Rolling out the green carpet, legally speaking

Rolling out the green carpet, legally speaking

(Eric Allix Rogers)

A business calling itself green is not the news it used to be. That’s due in part to the prevalence of “greenwashing,” but it can also be taken as a sign that the movement to integrate environmental and business values has largely been successful.

Still entrepreneurs with an environmental bent sometimes face a difficult choice: become a corporation and risk compromising core beliefs for the sake of profit, or forgo incorporation and give up the all-important investment dollars that framework is designed to attract.

This month, however, Illinois became the first state in the Midwest to provide those companies another way: 12 businesses in the state have already registered as Benefit Corporations — companies with a stated purpose of providing a positive benefit to society and the environment. Unlike conventional corporations, whose directors are obligated first and foremost to pursue profit for their shareholders, Benefit Corporations take a “triple bottom line” approach, pursuing financial, social and environmental returns. The clothing company Patagonia and Vermont’s worker-owned King Arthur Flour are among the growing number of high-profile Benefit Corporations on tax rolls today.

“The corporate structure lets you communicate to the world that you stand for something,” said Steve Sherman, executive vice president of Chicago’s GreenChoice Bank, which makes loans to sustainable businesses and community-based initiatives. GreenChoice recently became the first bank in the nation to register as a benefit corporation. “Instead of just maximizing the short-term returns to shareholders, you can include other returns to other stakeholders.”

Illinois’ legislation was signed in August and took effect with the new year, adding Illinois to the ranks of California, New York and nine other states that allow Benefit Corporations. More states are expected to take steps toward their own legislation in 2013.

Twelve states currently allow the new corporate structure. (Courtesy

Benefit corporations are required to state their larger purpose in their articles of incorporation, and must publicly report their progress on those goals annually to a third-party certifier. That takes the structure beyond the common corporate practice of “corporate social responsibility,” or the boilerplate company mission statement. It shows that they “walk the walk,” Sherman said.
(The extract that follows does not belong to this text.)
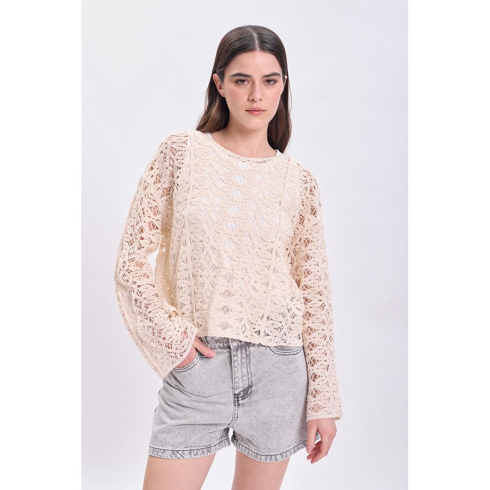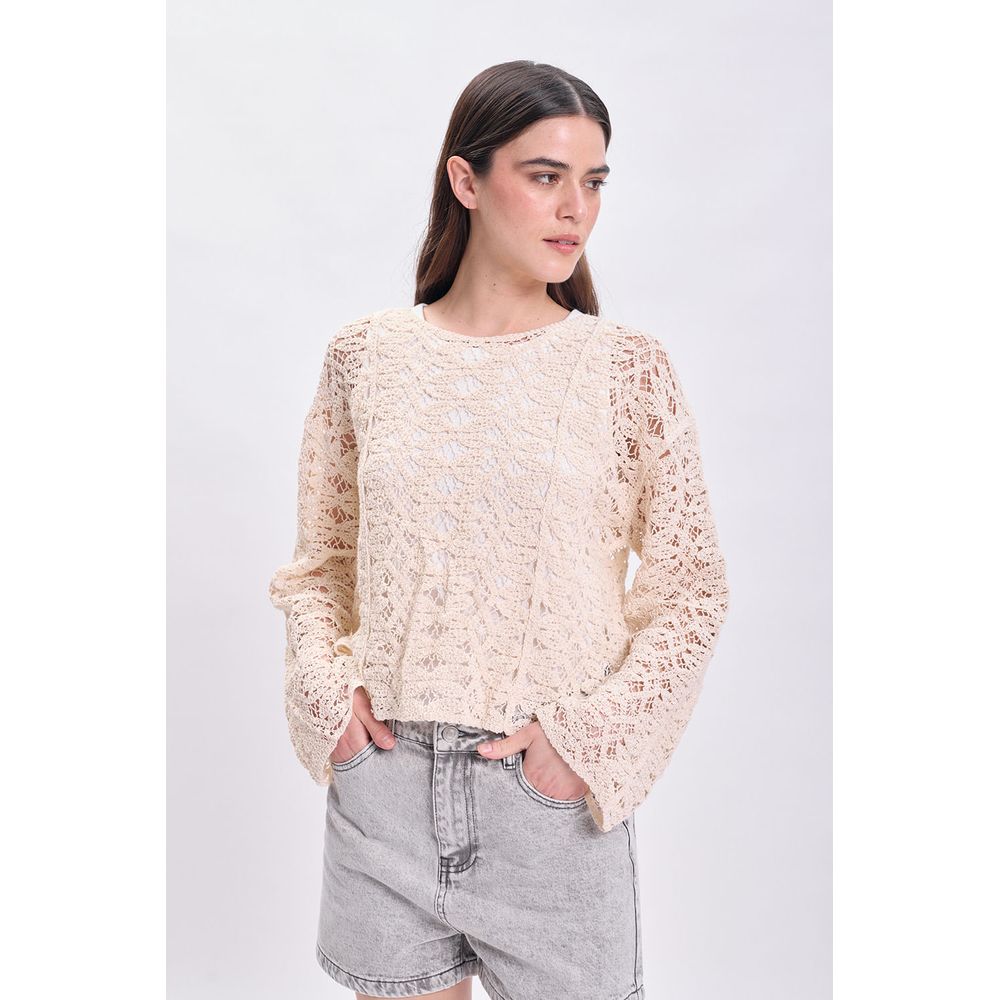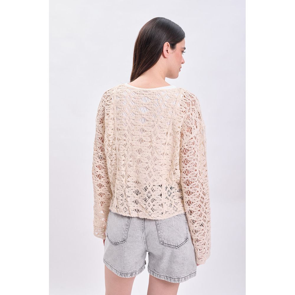 CARDIGAN PUNTO CROCHET AJUSTABLE CRUDO

The seal of approval could attract cash from “socially responsible investors,” a sizable and growing group. On the other hand, some lenders might raise interest rates for Benefit Corporations, in part to make up for the uncertainty involved with the extra step of verification.
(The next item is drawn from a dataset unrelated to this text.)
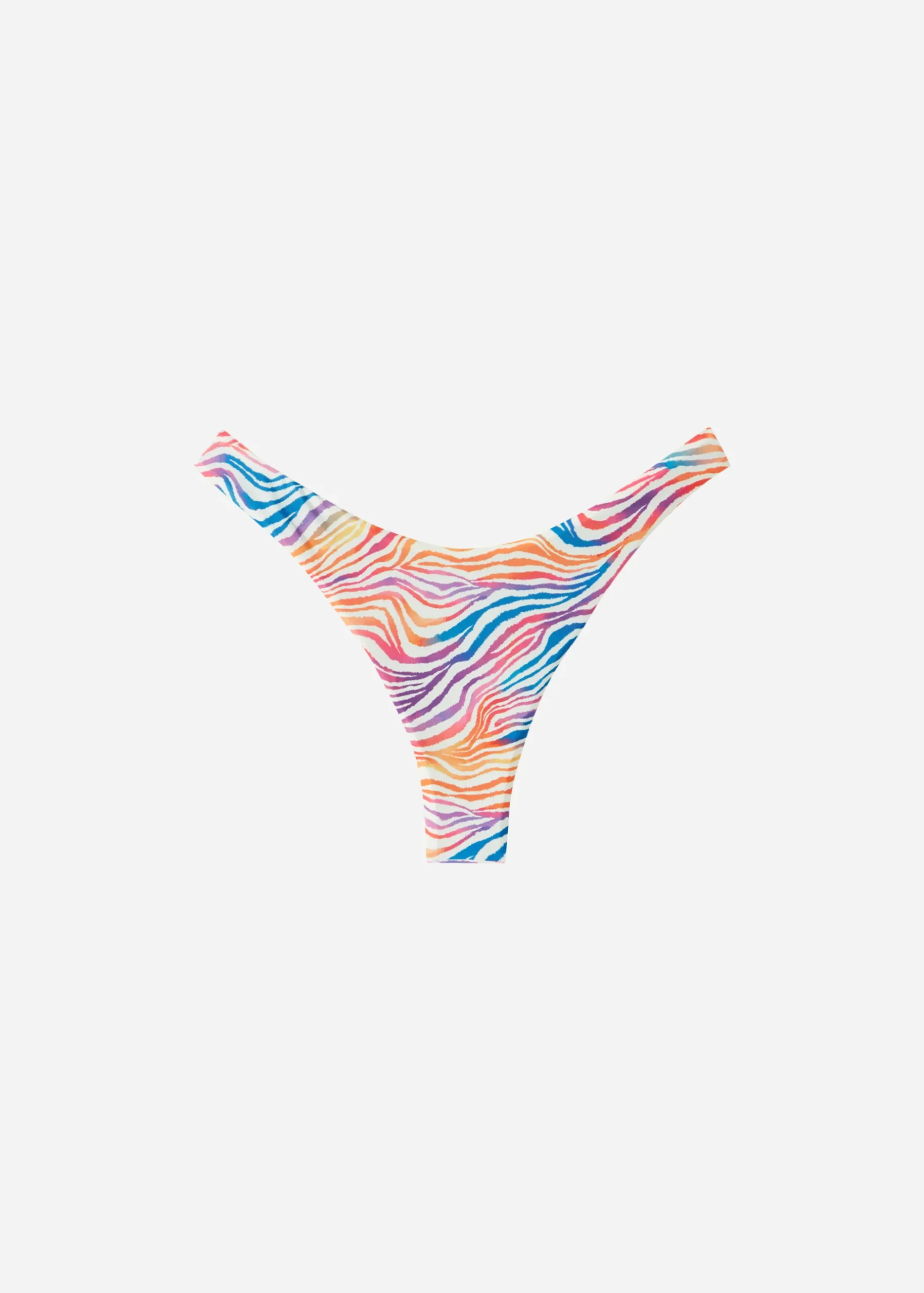 Double Face Brazilian Bikini Bottoms With V-Cut Front And Back, And 80S Style High Leg. The Style Features A Multi-Coloured Zebra Pattern. Fully Lined. Central Seam At The Back To Ensure A Better Fit.

The new structure also gives a company’s mission a bit more staying power. Say a Benefit Corporation is acquired by a conventionally structured company. The articles of incorporation, which include the benefit corporation’s stated purpose, survive the acquisition.
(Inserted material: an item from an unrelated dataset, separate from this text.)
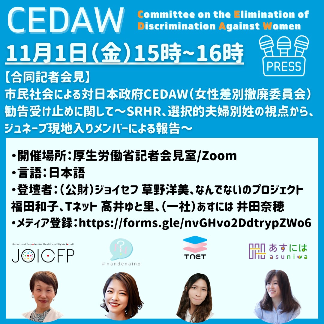 CEDAW(女性差別撤廃委員会)対日本政府:勧告をどう受け止めたか、市民社会記者会見~SRHRと選択的夫婦別姓の視点から。ジュネーブ帰国報告~

The socially conscious Vermonters behind Ben & Jerry’s were famously forced to sell their ice cream empire to Unilever, when the international food conglomerate offered to buy them out in 2000. Corporate doctrine and legal precedent made the deal one that Ben & Jerry literally could not refuse — at least when justified in terms other than shareholder benefits. (The brand’s social and environmental mission ended up surviving the acquisition, but at the time its owners did not want to sell.) Had they been a Benefit Corporation, however, they would have had more latitude to consider societal benefits when making business decisions and likely would have declined the offer.

Shareholders are hardly irrelevant in Benefit Corporations. In fact, if shareholders and directors of a Benefit Corporation have believe the company isn’t fulfilling its mission, they can compel the leadership to prove it. If the company fails, it reverts back to being a regular corporation with normal duties to its shareholders. The logistics of such details may have to be worked out in the legal system, which hasn’t yet considered many cases from these new corporate entities.

Some worry the triple bottom line could become a crutch used to justify a subpar corporation’s poor quarterly performance. Profit is still the lifeblood of any private enterprise, however, and underperforming companies aren’t likely to last much longer as Benefit Corporations than they would under a conventional corporate structure.